When French missionaries first encountered the Miami in the mid-17th century, generating the first written historical record of the tribe, the indigenous people were living around the western shores of Lake Michigan. According to Miami oral tradition, they had moved there a few generations earlier from the region that is now northern Indiana, southern Michigan, and northwestern Ohio to escape pressure from Iroquois war parties seeking to monopolize control over furs in the Ohio Valley. Early French explorers noticed many linguistic and cultural similarities between the Miami bands and the Illiniwek, a loose confederacy of Algonquian-speaking peoples. The term "Miami" has imprecise meaning to historians. In the 17th and 18th centuries, the term "Miami" generally referred to all of these bands as one grand tribe. Over the course of the 19th century, "Miami" came to specifically refer to the Atchakangoen (Crane) band.

Around the beginning of the 18th century, with support from French traders coming down from what is now Canada who supplied them with firearms and wanted to trade with them for furs, the Miami pushed back into their historical territory and resettled it. At this time, the major bands of the Miami were:
- Atchakangouen, Atchatchakangouen, Atchakangouen, Greater Miami or Crane Band (named after their leading clan, largest Miami band – their main village was Kekionga / Kiihkayonki ("blackberry bush") at the confluence of the Saint Joseph (Kociihsa Siipiiwi) (″Bean River″), Saint Marys (Nameewa Siipiiwi/Mameewa Siipiiwi) (″River of the Atlantic sturgeon″) and Maumee River (Taawaawa Siipiiwi) (″River of the Odawa″) on the western edge of the Great Black Swamp in present-day Indiana – this place was although called saakiiweeki taawaawa siipiiwi (lit. ″the confluence of the Maumee River″); Kekionga / Kiihkayonki was although the capital of the Miami confederacy)

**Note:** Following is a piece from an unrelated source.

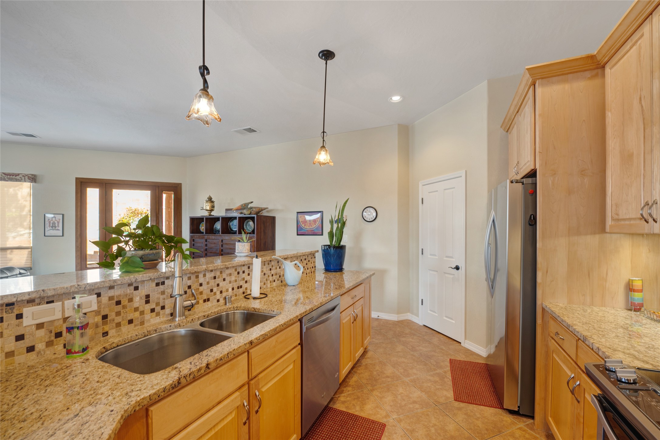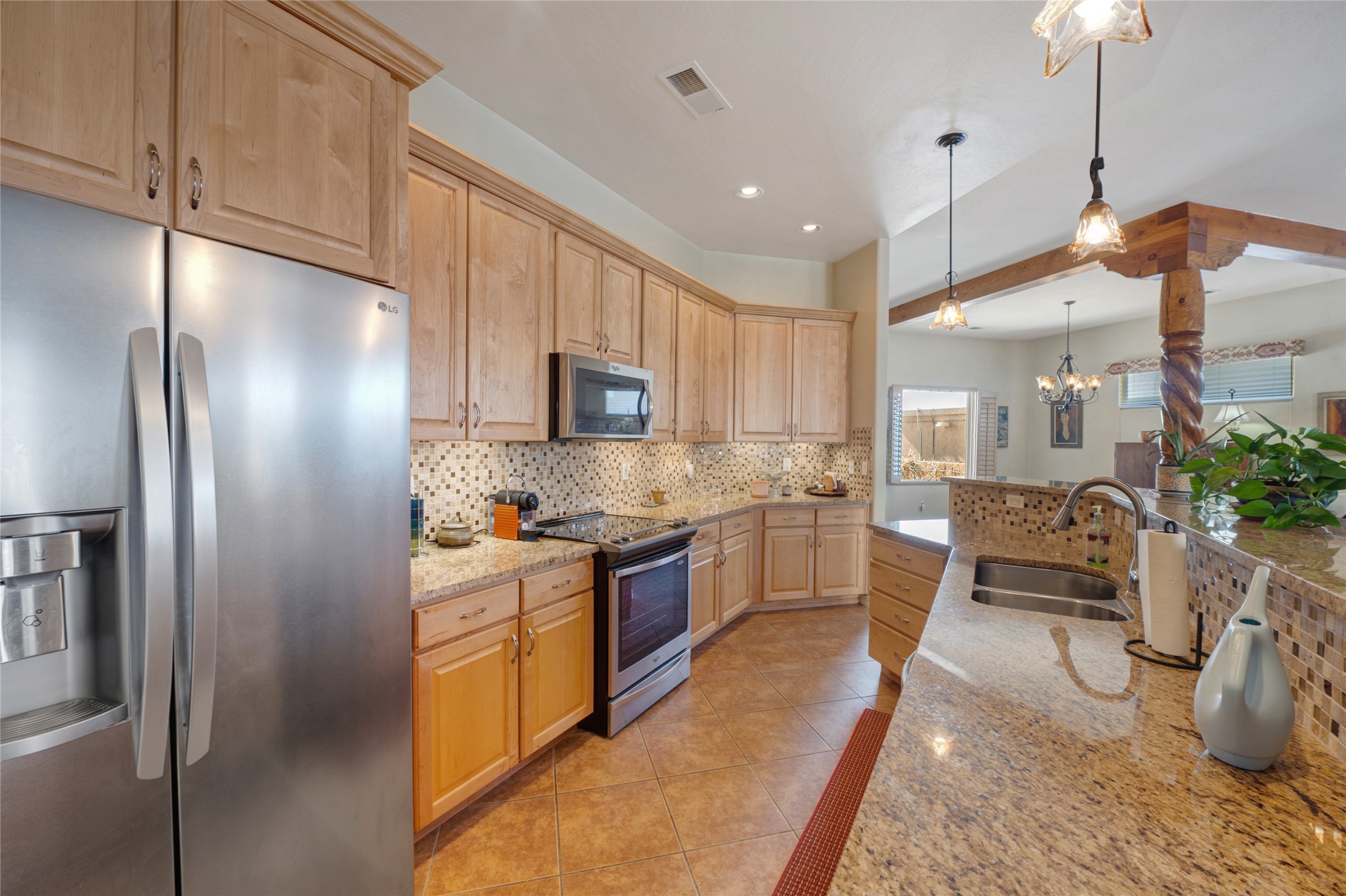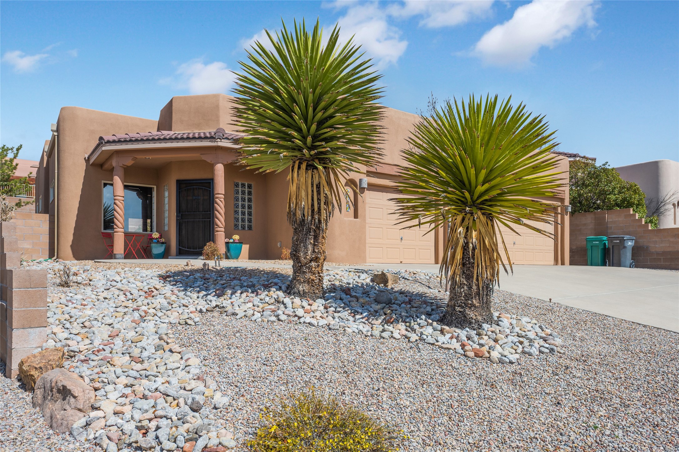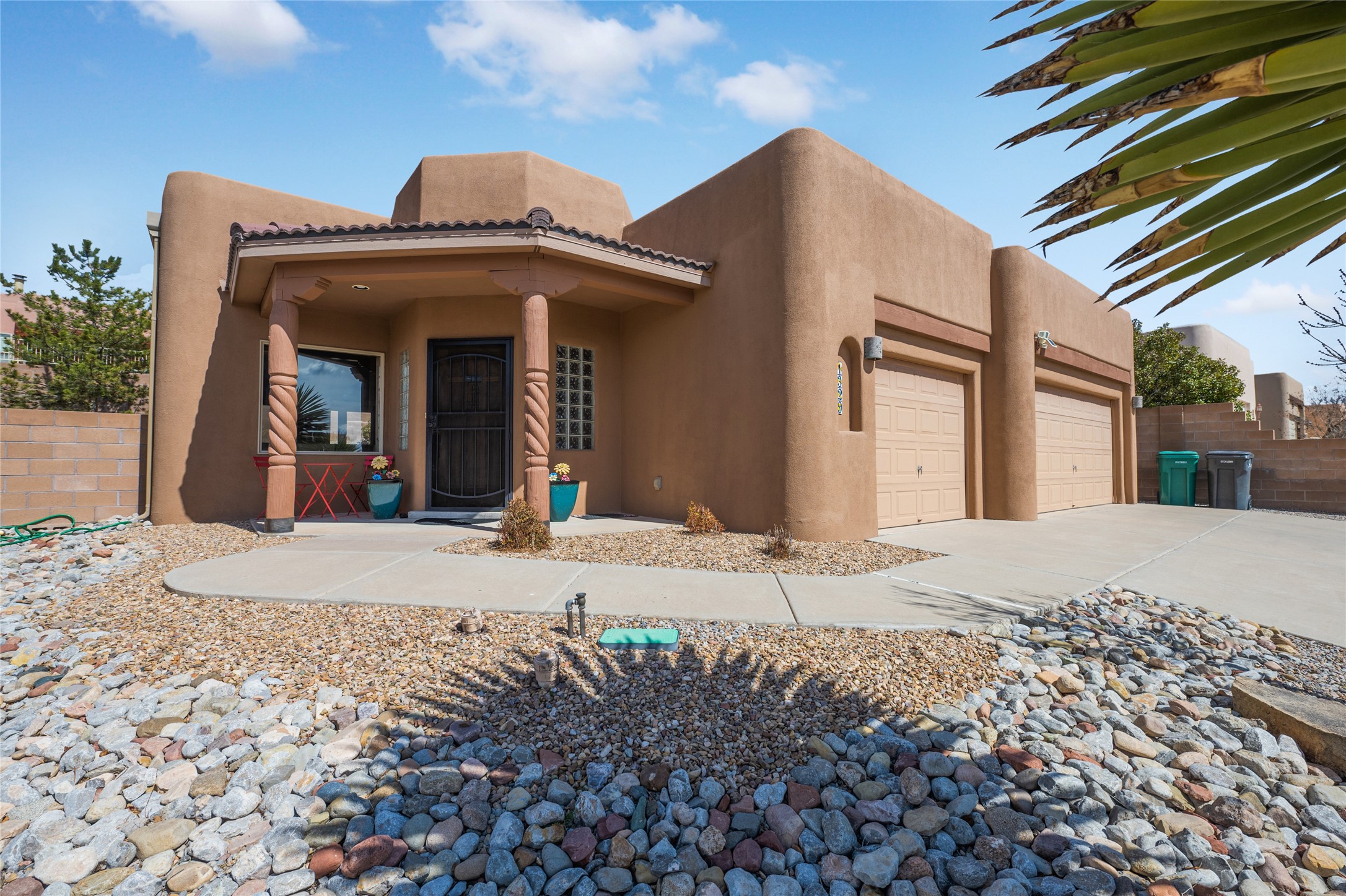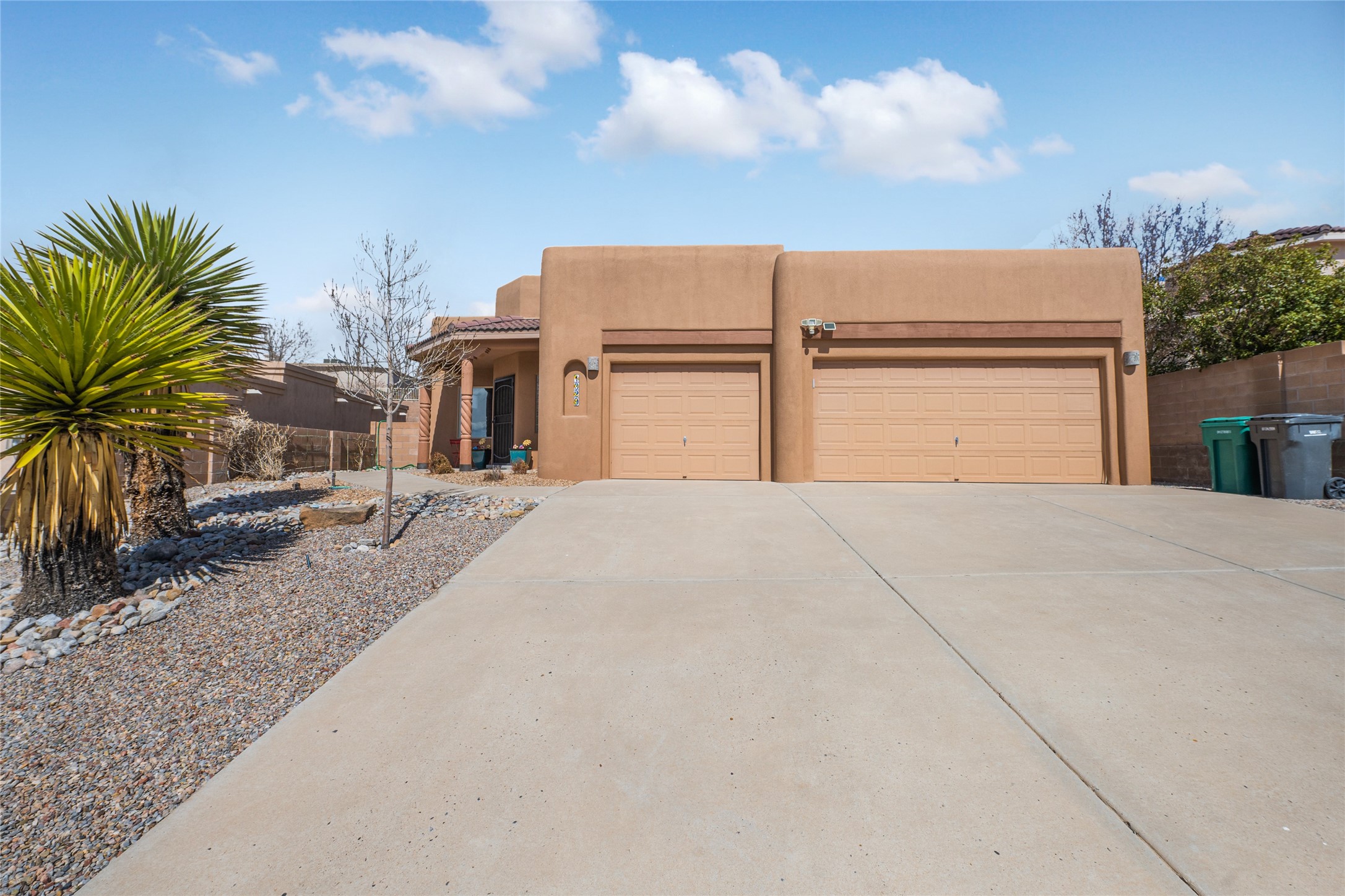 Beautiful home in Trinity Estates that offers room for all to enjoy. This open floor plan makes entertaining or enjoying family/friends a breeze. The kitchen boast stainless steel appliances, granite counter tops, custom lighting and eating bar. Living room opens up to the dining room and kitchen. Warm yourself by the kiva fire place and put your art work in the nichos for all to enjoy. Primary bedroom is spacious enough for a sitting area to enjoy and relax. Soak the day away in your garden tub. No carpet. Relax in your backyard under the covered outdoor patio. Appliances are newer and the refrigerator, washer/dryer are all 2 years old - conveying with the home. Nice three car garage gives added space for storage or the extra vehicle. Commute with ease. Come by and stay awhile, you won't be disappoint

- Kilatika, Kilatak, Kiratika called by the French, later known by the English as Eel River Band of Miamis; autonym: Kineepikomeekwaki (″People along the Snake-Fish-River, i.e. Eel River″, their main village Kineepikwameekwa/Kenapekwamakwah/Kenapocomoco ("Snake-Fish-Town" or "Eel River Village") moved its location from the headwaters of the Eel River (Kineepikwameekwa Siipiiwi) ("Snake-Fish-River") (near Columbia City, Indiana) down to its mouth at the Wabash River (Waapaahšiki Siipiiwi) (″Shining White River/Bright Shiny River″) (near Logansport, Indiana) in northern Indiana; the Kilatika Band of the French years had their main village at the confluence of the Kankakee River and Des Plaines Rivers to form the Illinois River about 16 km southwest of today's Joliet, Illinois)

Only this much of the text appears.